Dick Sand no dejaba de observar a su alrededor, fijándose en los variados tipos de vegetación característicos de la tierra que cruzaba y otros detalles que creía podían serle de interés. Hacía muchas preguntas a Harris que éste contestaba con largas explicaciones.
- ¿Será necesario cruzar los Andes? -preguntó una vez el grumete.
-Tranquilícese, amigo -contestó Harris-. No abandonaremos esta llanura, cuyas elevaciones más considerables no exceden de 1.500 pies. Sin medio de transporte no me hubiera comprometido a esta aventura si hubiese sido preciso cruzar la cordillera.

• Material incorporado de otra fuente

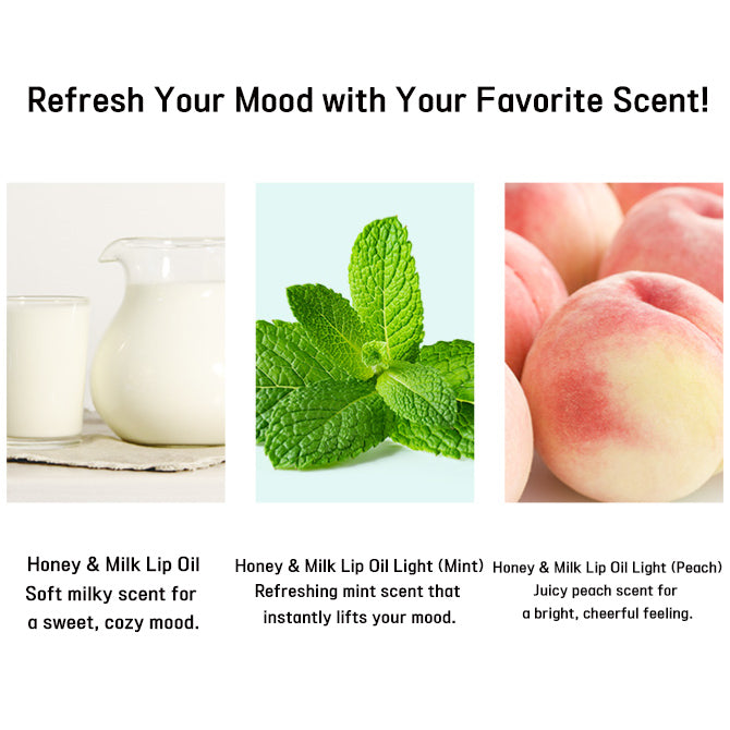 A’PIEU Honey Milk Lip Oil delivers rich, glossy hydration with the sweetness of honey and the softness of milk protein.

-O sea -comentó Dick-, que habría sido preferible subir o bajar por la costa.
-En efecto, hubiera sido mucho mejor, de no dirigirnos a la hacienda de mi hermano que está situada en esta parte de la región. Nuestro viaje no ha de ofrecer más dificultades que las halladas hasta ahora. Además, aunque consideremos que este bosque es inmenso, estoy acostumbrado a viajar por selvas y cualquier detalle me es suficiente para orientarme. No tema, amigo. Tenga la seguridad de que les conduciré adonde vamos.